- **Activity**
Retype, without pictures, the line holding "2、将菜花放入开水中焯3分钟,捞出过凉,沥干水分盛入盘中备用;" and each line below it through the final line.

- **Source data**
====

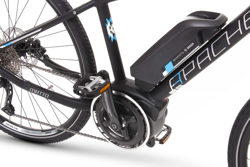 Vytvořit špičkové krosové elektrokolo v cenově dostupnějším, stále však velice kvalitním a atraktivním provedení. S tímto nelehkým úkolem se pravidelně potýkáme každou sezonu a ani ta letošní nebyla v tomto ohledu výjimkou. Výsledkem naší práce je sportovní krosové elektrokolo Apache Matto Active Plus, model s lehkým a zároveň tuhým hliníkovým rámem a novou řadou středového elektromotoru s vysokým točivým momentem. Se vzduchovou odpruženou vidlicí a hydraulickými kotoučovými brzdami se nemusíte zdržovat pouze na hladkých silnicích a cyklostezkách, překážkou vám nebudou ani zpevněné polní a lesní cesty či lehčí terén. Ať vyrazíte na svižnou sportovní vyjížďku, nebo na pohodový výlet s rodinou, Matto vám bude vždy náležitou oporou.
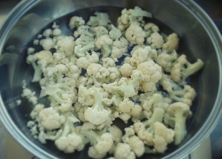2、将菜花放入开水中焯3分钟,捞出过凉,沥干水分盛入盘中备用;
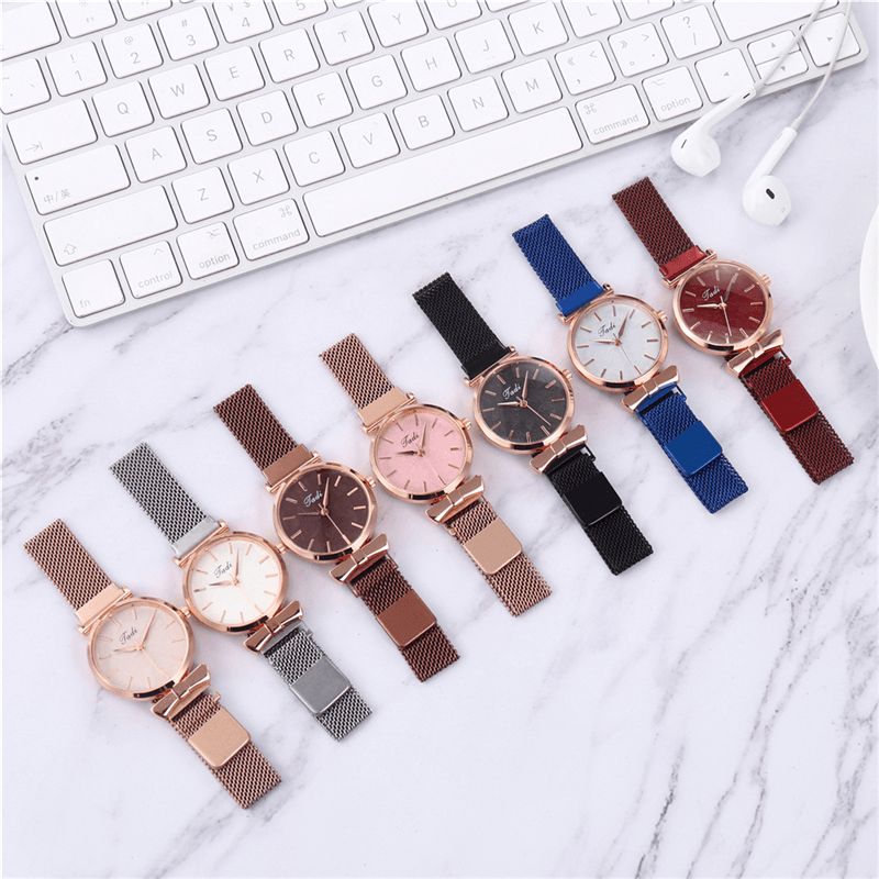 Mote Uformell Elegant Design Dame Klokker Alloy Mesh Band Dial Wrist Case Kvartsklokke
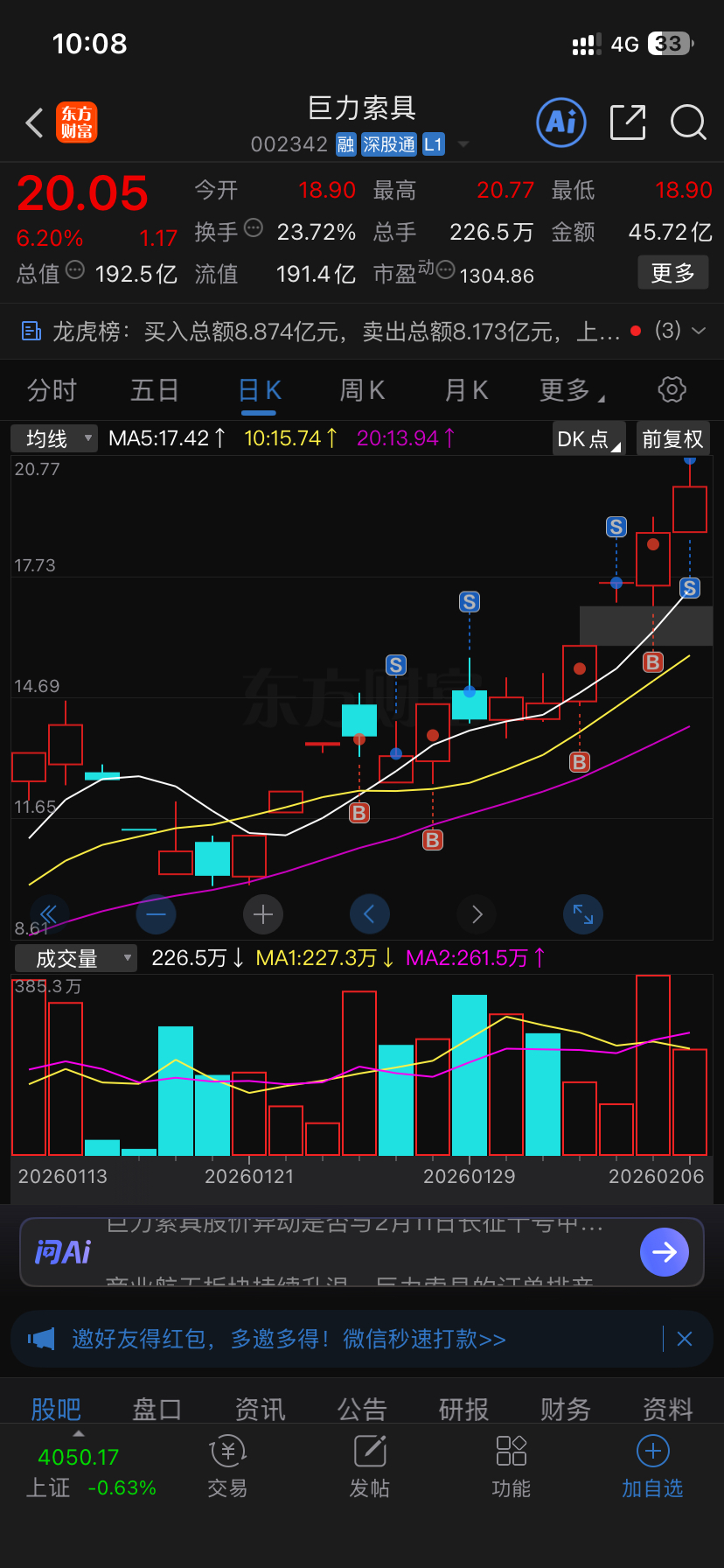 $巨力索具(SZ002342)$ 卖飞了 回收成功起码一百个涨停
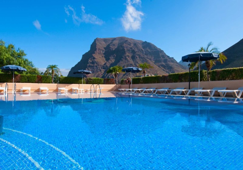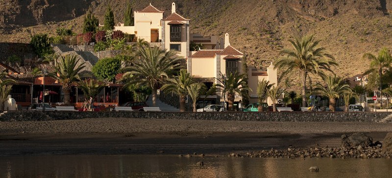 Ihr urlaubt in Valle Gran Rey auf La Gomera, nahe Puerto de Vueltas. Das Meer liegt gleich gegenüber, getrennt durch eine Uferstraße. Zum Hauptstrand im Ortsteil Playa sind es rund 400 Meter, außerdem befindet sich ein Lavasandstrand am Hafen in der Nähe – ideale Orientierungspunkte für Euren Tagesablauf.
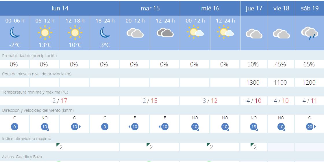 Cielos que se empezarán a cubrir mañana y frío con mínimas que permanecen bajo cero darán paso a la llegada de las lluvias de cara al fin de semana. Como ya comentábamos en nuestra última edición del pasado viernes, la ola de frío arreciaba durante el fin de semana  y los termómetros siguieron bajando. Baza, que registró el viernes la mínima de Andalucía, con 7,5 grados bajo cero, siguiendo en esa tendencia y, un día después, el sábado llegaba a los -8,6ºC, según los datos de la Agencia Estatal de Meteorología (Aemet), situándose entre los puntos más fríos del país (y el más frío de Andalucía, de nuevo), tras el Puerto El Pico, en Ávila (-9,9º), y otras tres localidades de Zamora, Guadalajara y Albacete.
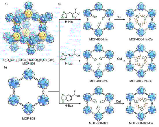 Synthesis of bioinspired MOF-808-supported Cu catalysts. (a) MOF-808 structure. (b) Pseudohexagonal pore opening of MOF-808. (c) Replacement of formate groups with imidazole-containing ligands and subsequent metalation with Cu(I) (adapted with permission from Ref. [69]. Copyright 2018, American Chemical Society).
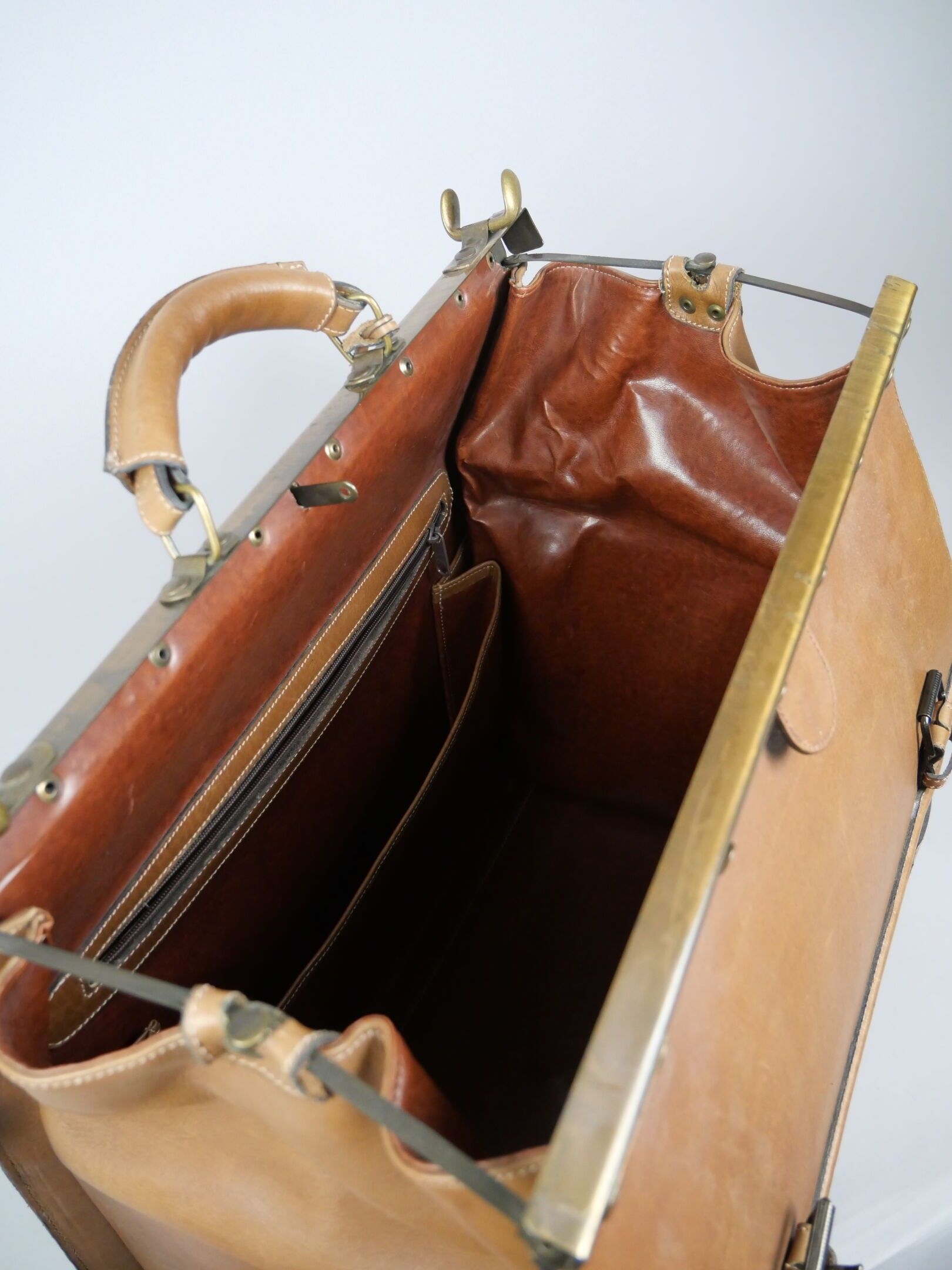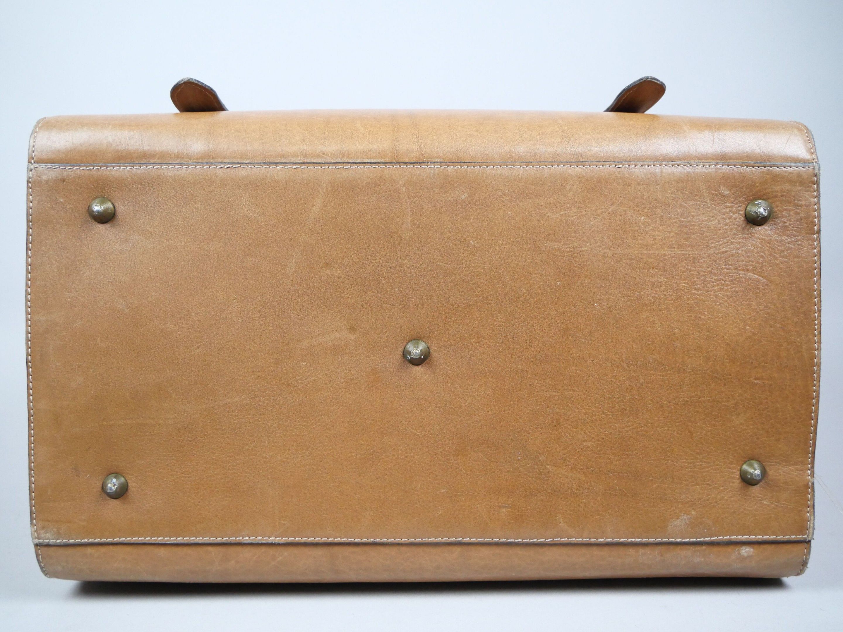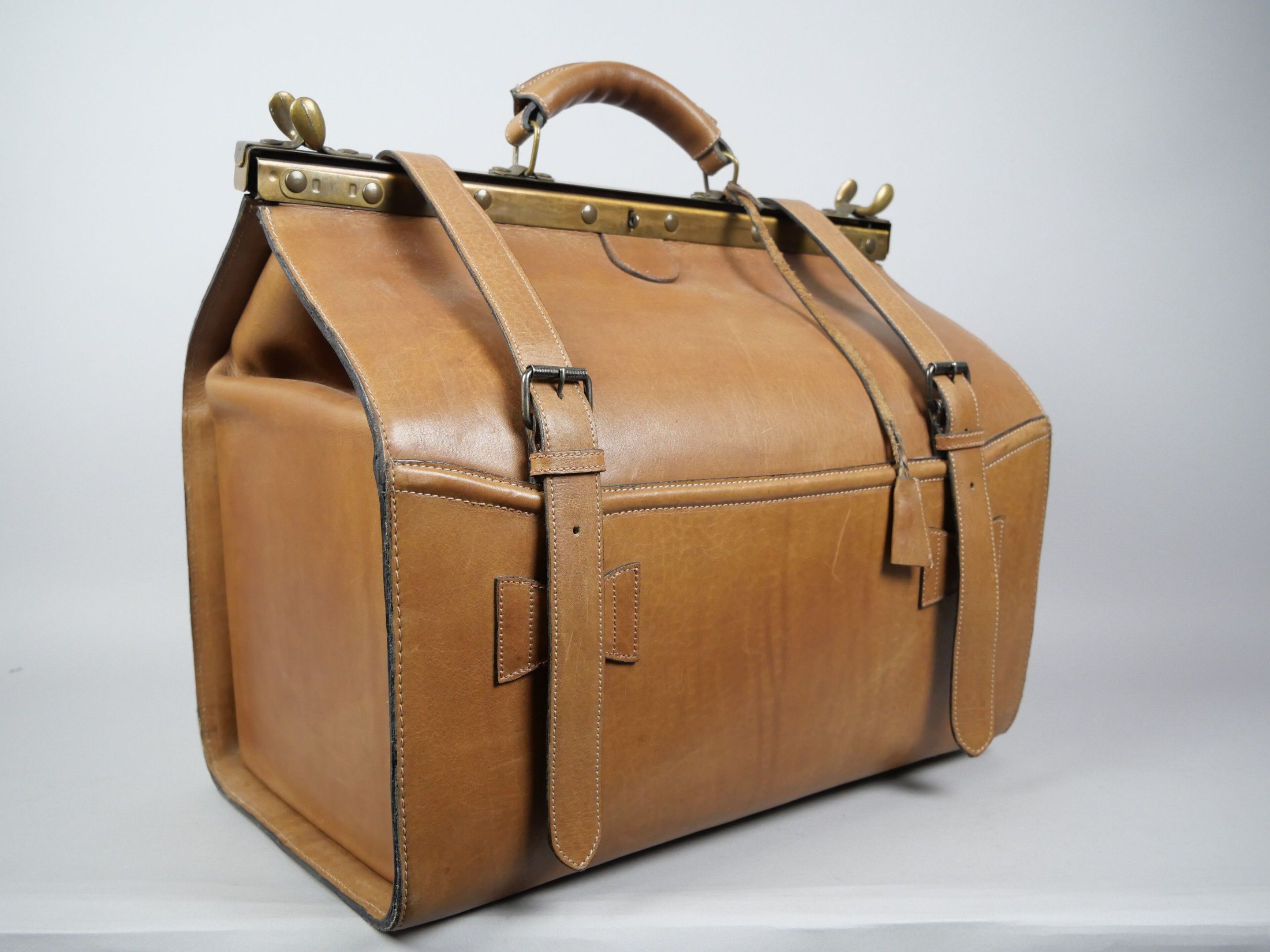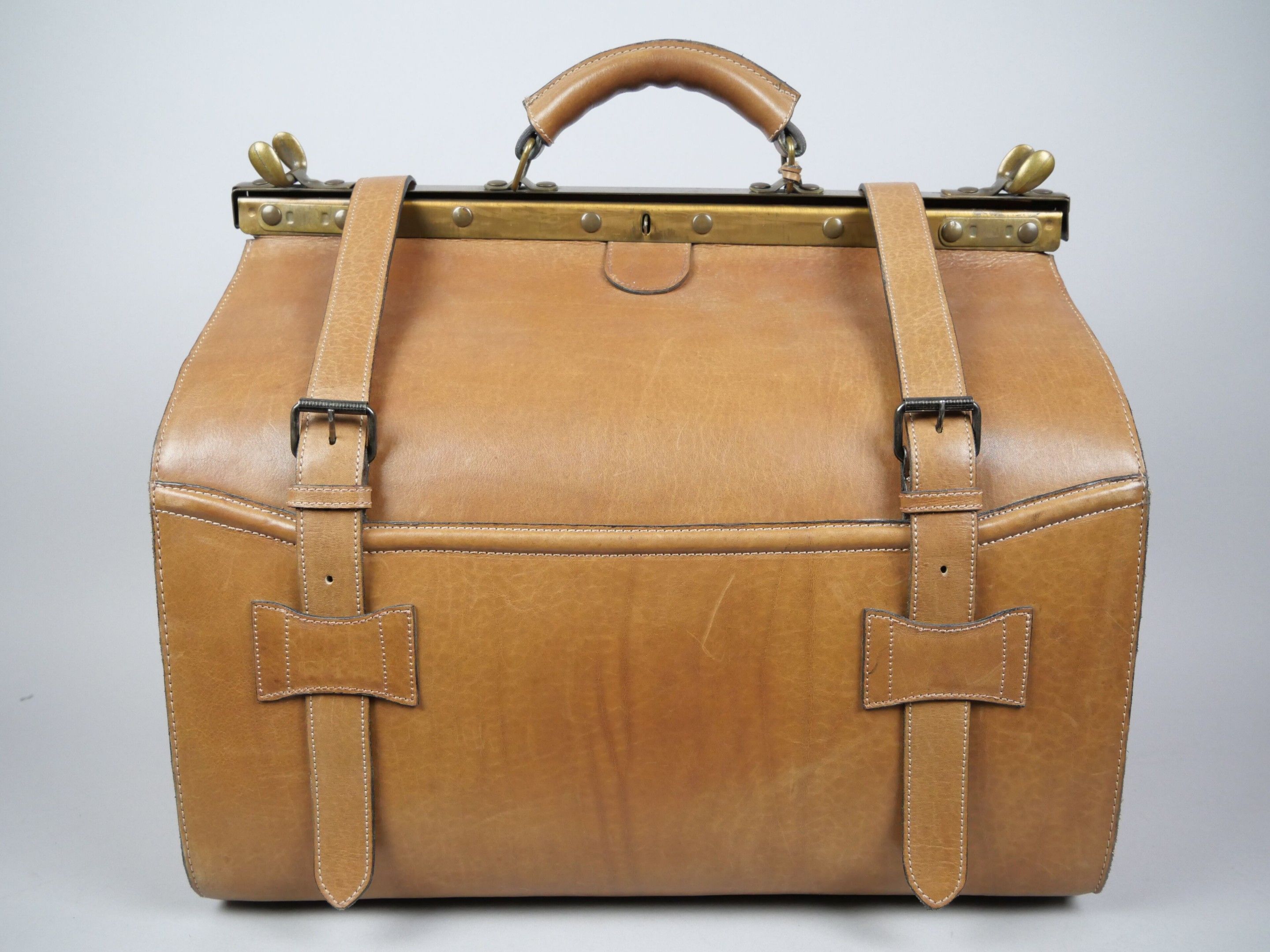 Camel leather travel bag in the style of a leather doctor's bag, with metal-finish hard closure and two straps. Leather-covered top handle. Compartmented interior and zipped pocket.

====

- **Exercise answer**
2、将菜花放入开水中焯3分钟,捞出过凉,沥干水分盛入盘中备用;
 Mote Uformell Elegant Design Dame Klokker Alloy Mesh Band Dial Wrist Case Kvartsklokke
 $巨力索具(SZ002342)$ 卖飞了 回收成功起码一百个涨停
 Ihr urlaubt in Valle Gran Rey auf La Gomera, nahe Puerto de Vueltas. Das Meer liegt gleich gegenüber, getrennt durch eine Uferstraße. Zum Hauptstrand im Ortsteil Playa sind es rund 400 Meter, außerdem befindet sich ein Lavasandstrand am Hafen in der Nähe – ideale Orientierungspunkte für Euren Tagesablauf.
 Cielos que se empezarán a cubrir mañana y frío con mínimas que permanecen bajo cero darán paso a la llegada de las lluvias de cara al fin de semana. Como ya comentábamos en nuestra última edición del pasado viernes, la ola de frío arreciaba durante el fin de semana  y los termómetros siguieron bajando. Baza, que registró el viernes la mínima de Andalucía, con 7,5 grados bajo cero, siguiendo en esa tendencia y, un día después, el sábado llegaba a los -8,6ºC, según los datos de la Agencia Estatal de Meteorología (Aemet), situándose entre los puntos más fríos del país (y el más frío de Andalucía, de nuevo), tras el Puerto El Pico, en Ávila (-9,9º), y otras tres localidades de Zamora, Guadalajara y Albacete.
 Synthesis of bioinspired MOF-808-supported Cu catalysts. (a) MOF-808 structure. (b) Pseudohexagonal pore opening of MOF-808. (c) Replacement of formate groups with imidazole-containing ligands and subsequent metalation with Cu(I) (adapted with permission from Ref. [69]. Copyright 2018, American Chemical Society).
 Camel leather travel bag in the style of a leather doctor's bag, with metal-finish hard closure and two straps. Leather-covered top handle. Compartmented interior and zipped pocket.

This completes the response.